Different Pandemics Similar Lessons-Ishana Sharma

Covid-19 started 16-18 months ago, and ever since has been devastating the world. As a matter of fact, it is not the first pandemic that occurred in the world. One of the first pandemics is dated back to 541 AD when there was an outbreak of the contagious Plague of Justinian. However, the most well documented pandemics in history is the Spanish flu which started in 1918 and is believed to have infected 500 million people, a little less than one-third of the world population. It killed approximately 50 million people, which is even more than World War I, which killed 20 million people. These pandemics became the storm which uprooted the world and every facet of society. They also came with an element of randomness.

After the 541 AD pandemic came the bubonic plague in 1346, followed by the sixth Cholera pandemic in 1899 and the Spanish flu, Asian flu and Hong Kong flu in 1918, 1957 and 1968, respectively. There was also a Swine flu outbreak in 2009.

Renowned historian, Patrick Zylberman rightly said, “The virus might have attacked ‘democratically’, but the society it attacked was hardly egalitarian.” Since we are all aware of this fact, it is essential to adjust and act according to the current requirement of the local people who are affected. During the course of these several pandemics, there are a plethora of things which people have learnt the hard way. Many innocent children were orphaned, adults were unemployed and depressed, and the elderly were left to provide for themselves.
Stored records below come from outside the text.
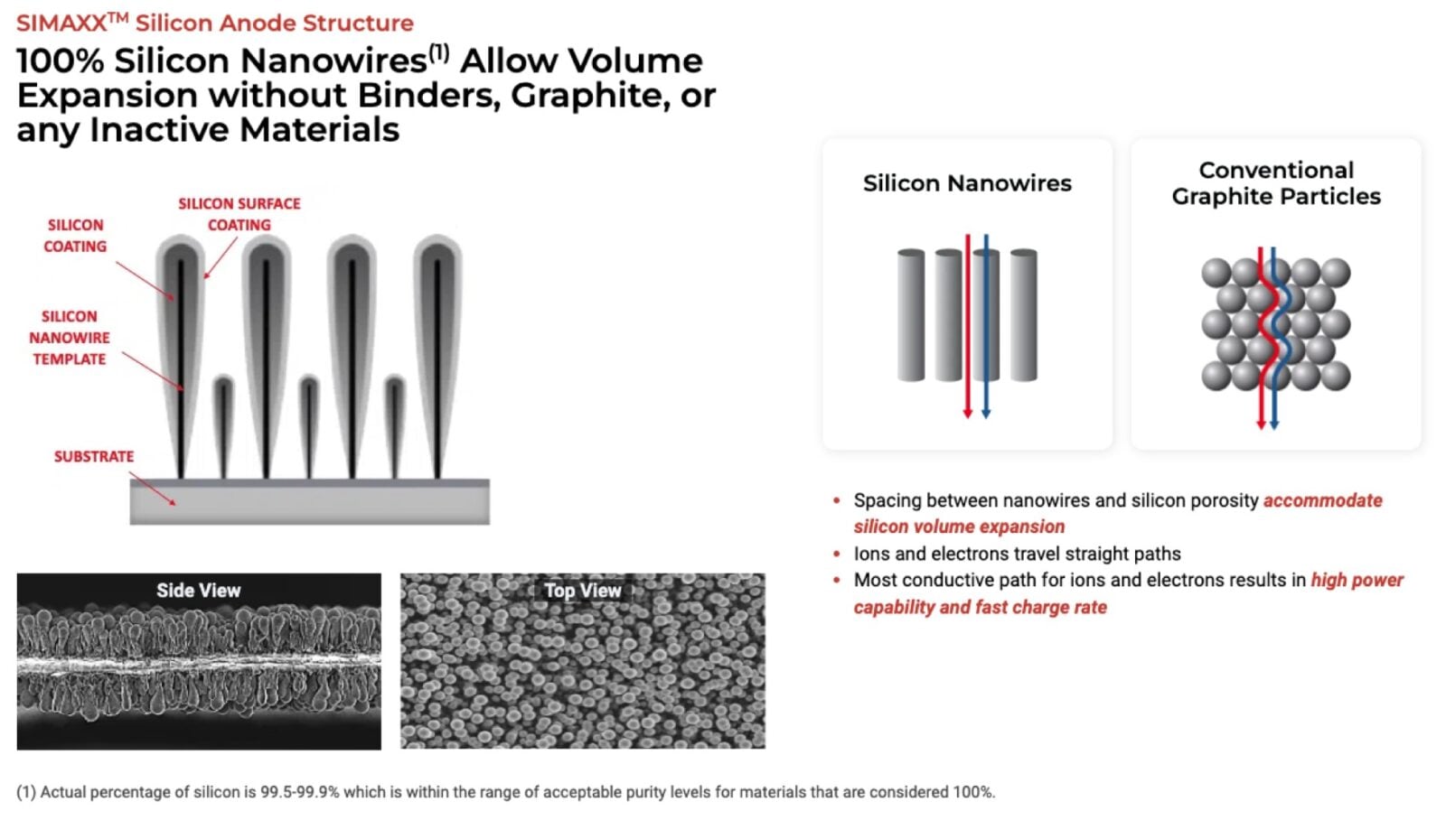 W praktyce ogniwa SiMaxx wykorzystują unikalną strukturę nanoprzewodów krzemowych dla anody, zastępując występujący tradycyjne w tym elemencie grafit. Ten innowacyjny projekt pozwala krzemowi pomieścić do dziesięciu razy więcej jonów litu, co w efekcie znacząco zwiększa pojemność energetyczną akumulatora do nawet 500 Wh/kg (waga) i 1300 Wh/kg (objętość). Dodatkowo tego typu struktura nanoprzewodów łagodzi typowe rozszerzenie i kurczenie się podczas cykli ładowania, co z kolei zwiększa trwałość i niezawodność akumulatora. Cechują się też wysokim poziomem bezpieczeństwa, co udowodniły w krytycznych testach bezpieczeństwa, wśród których znalazły się też te wymagane przez wojsko USA.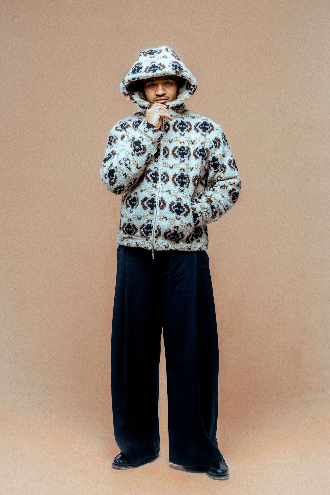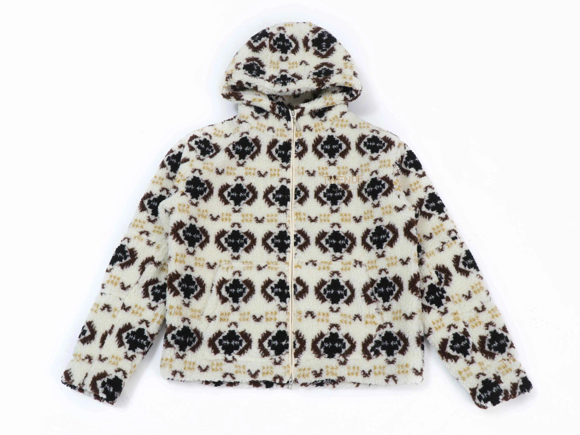 Gjør deg klar for komfort og stil i ett plagg. Denne unike teddy-hoodien fra Twende kombinerer klassiske etno-inspirerte mønstre med moderne snitt og detaljer. Laget i et mykt, fluffy og varmt materiale – perfekt for kalde dager eller som et statement-plagg året rundt.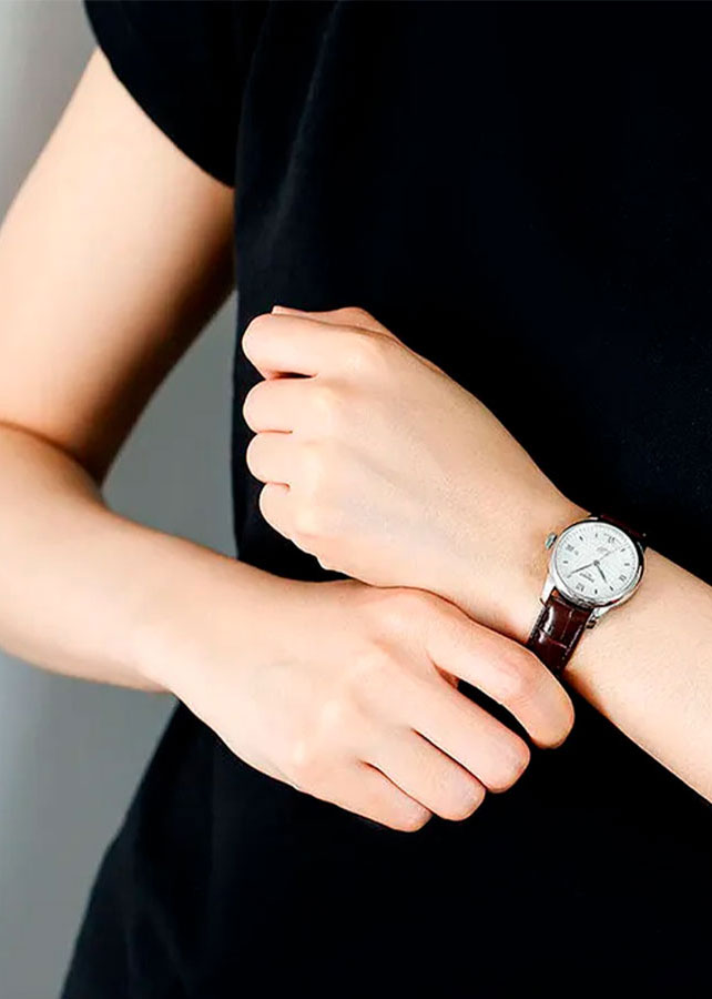 Женские наручные часы Le Locle. В механизме 25 камней, частота 28800 полуколебаний в час. Запас хода 38 часов.
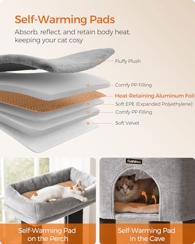 With its self-warming pads, your cats can curl up and soak in their own body heat, making it an inviting spot during colder months. The nine robust scratching posts give them the freedom to scratch to their heart's content, preserving your furniture from those pesky claw marks.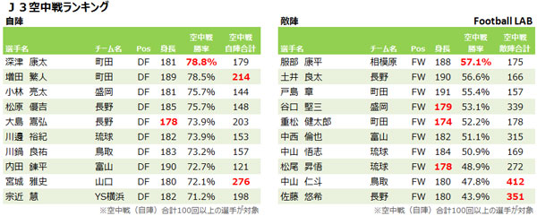 J3で最少失点を誇った町田の深津康太と増田繁人のセンターバックコンビが、自陣の勝率でワンツーフィニッシュを果たした。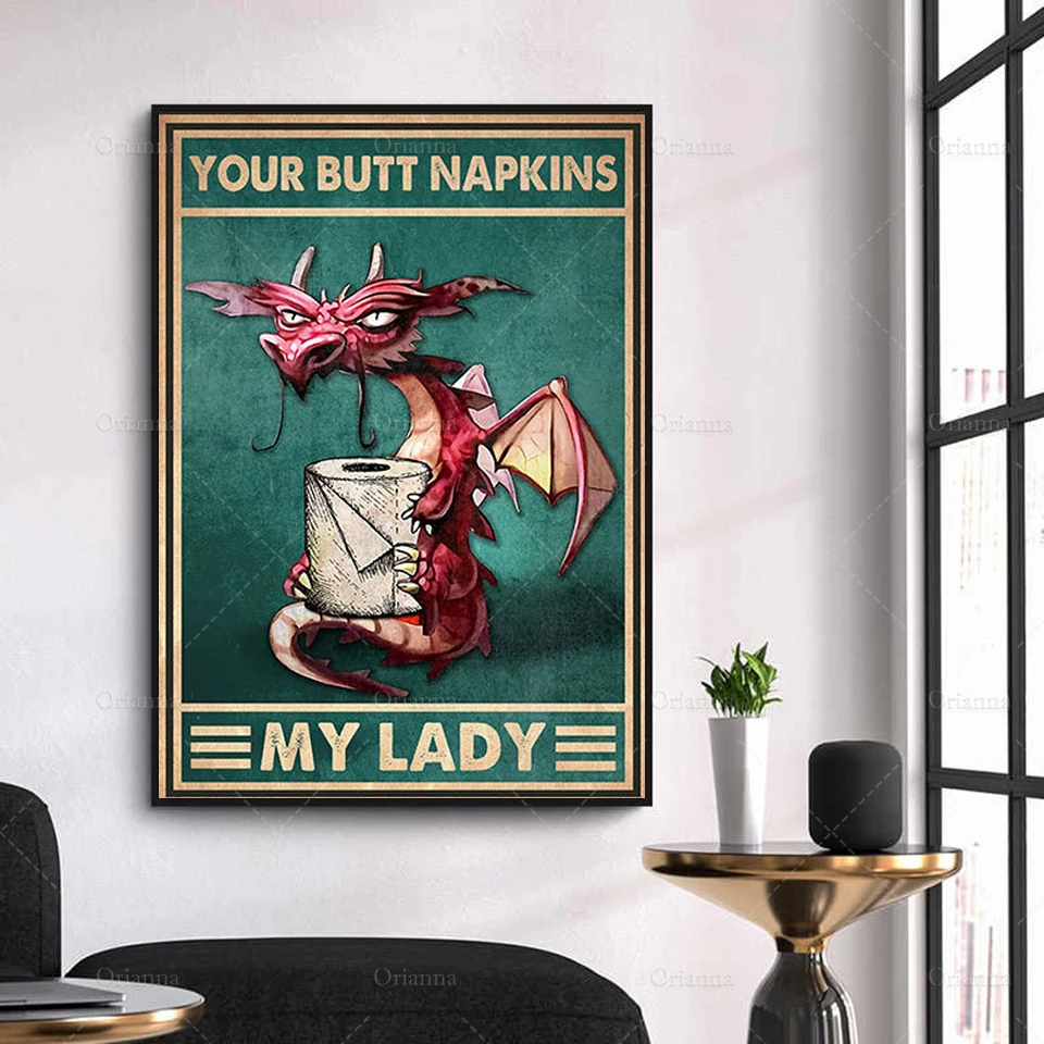 SubjectsYour Butt Napkins My Lady Poster, Funny Dragon Art Print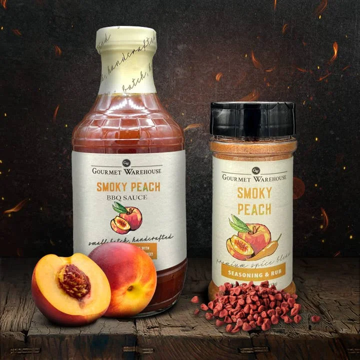 Smoky Peach seasoning & rub is the perfect mixture of sweet peaches, brown sugar and savory smoke. Gourmet Warehouse seasonings and rubs are crafted by hand with a premium blend of curated spices. Our spice blends compliment all of your favorite dishes by adding maximum flavor, aromatics and texture.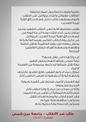 وقالت الحركة في بيانها:" إنه فى ذكرى يوم الطالب العالمى،"وبينما العالم كله يحتفل بطلابه فإن دولتنا العظيمة تعتقل الطلبة وتقتلهم وتجعلهم أهدافا لبعض الفاشلين المرتزقة"، وتساءل:" أى دولة هذه التى تقتل أبناءها لأنهم يحاولون التغيير، دولة تقتل علمائها ليحكمها مجموعة من الفسدة الأغبياء، حسبما قال البيان.

Cholera, which is an acute diarrheal disease that can take lives within hours if left untreated, caused an outbreak in Jessore, India in 1817 due to contaminated rice. This illness killed a myriad people, due to salient factors which were not accounted for back then. One of them being lack of awareness, the other being detection of the illness and lastly, hygiene. During the outbreak, an astonishingly large amount of people were not educated about the disease and its effects on one’s health. Due to this, they continued with their lives and so did the spread of the disease. Furthermore, lack of the ability to detect, isolate and treat worsened the situation. Lastly, another factor which greatly affected this pandemic in particular was hygiene. The disease is caused due to the drinking of water or eating of food contaminated by an infected person.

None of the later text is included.